Potential limitations of the present study include the restricted number of executive measures and nonverbal memory tasks available for analyses. Executive function is a broad cognitive domain that includes many subcomponents such as working memory, planning, inhibition, problem solving, and mental set shifting capacities (Stuss and Alexander 2000). With the limited number of executive function tests available in the ADNI, it is not possible to determine the extent to which each of these components relates to memory performance. Additionally, the present study is unable to provide information about the relation between nonverbal memory and executive function measures. Finally, the relationships observed between cognition and morphometric measures in frontal and temporal lobe areas were low (r’s = 0.12–0.22), suggesting that much of the variance in cognitive scores is not explained by brain morphometry.
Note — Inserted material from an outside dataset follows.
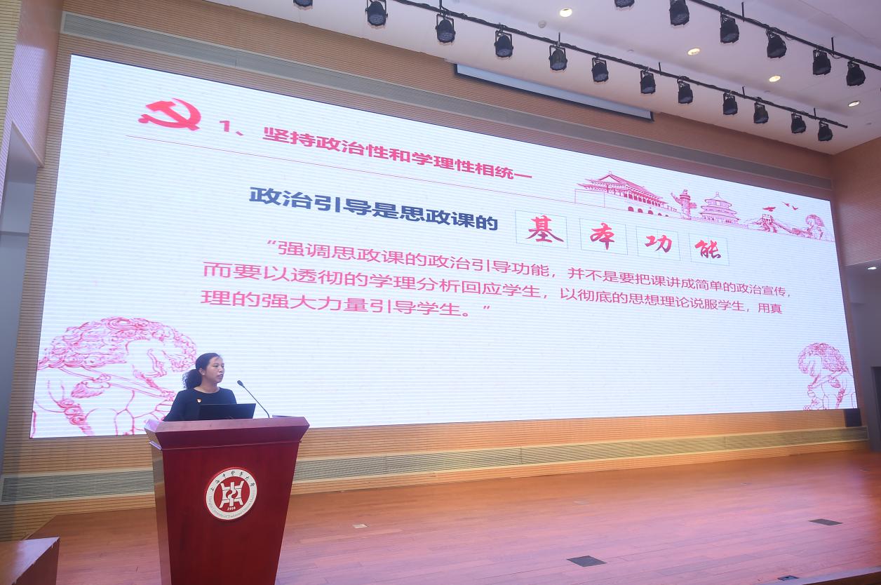 在“讲台上的新思想”环节,重点学习习近平总书记在《求是》杂志上发表的重要文章《思政课是落实立德树人根本任务的关键课程》,分别由马克思主义学院陈荣武教授和何兰萍副教授以讲思政课的形式交流学习体会。陈荣武以“心有所信 方能行远”为题,从“中国往哪里去、中国共产党往哪里去、人类往哪里去”的“时代之问”和“培养什么人、怎样培养人、为谁培养人”的“教育之问”之间的内在逻辑出发,阐述了思政课的重要性。就学习贯彻习近平总书记对思政课教师提出的“政治要强、情怀要深、思维要新、视野要广、自律要严、人格要正”的要求谈了体会,作为思政课教师要强化角色意识、职责担当自觉,不但要积极探索新时代教育教学方法、提升教书育人本领,更要政治过硬、不断锤炼政治定力,“心有所信、方能行远”。何兰萍以“坚持思想政治理论课建设守正创新”为题,从思政课的学科特点出发,对思政课改革创新要做到“八个统一”的要求进行了阐释;从思政课教学内容、教学形式、教学方法等角度,就如何深入贯彻落实“八个统一”的要求,坚持守正与创新相统一,不断增强思政课的思想性、理论性和亲和力、针对性,坚持用习近平新时代中国特色社会主义思想铸魂育人,交流了万象城官网马克思主义学院推进思政课改革创新的相关举措和成效。

It is likely that the above-mentioned factors related to interindividual differences, such as premorbid cognitive function, genetic factors, and diagnostic heterogeneity, may contribute more to the variance in executive functioning.
Despite these limitations, the present study suggests that executive function influences verbal memory ability in amnestic MCI, particularly with regard to learning components of memory. This influence is not related to variation in hippocampal volume but reflects cortical thinning in bilateral prefrontal lobe areas and the PCC. These results demonstrate the importance of evaluating executive function in individuals with amnestic MCI to predict involvement of brain areas beyond the mesial temporal lobe. Future follow-up analyses will provide information on the ability of these measures to predict decline in MCI.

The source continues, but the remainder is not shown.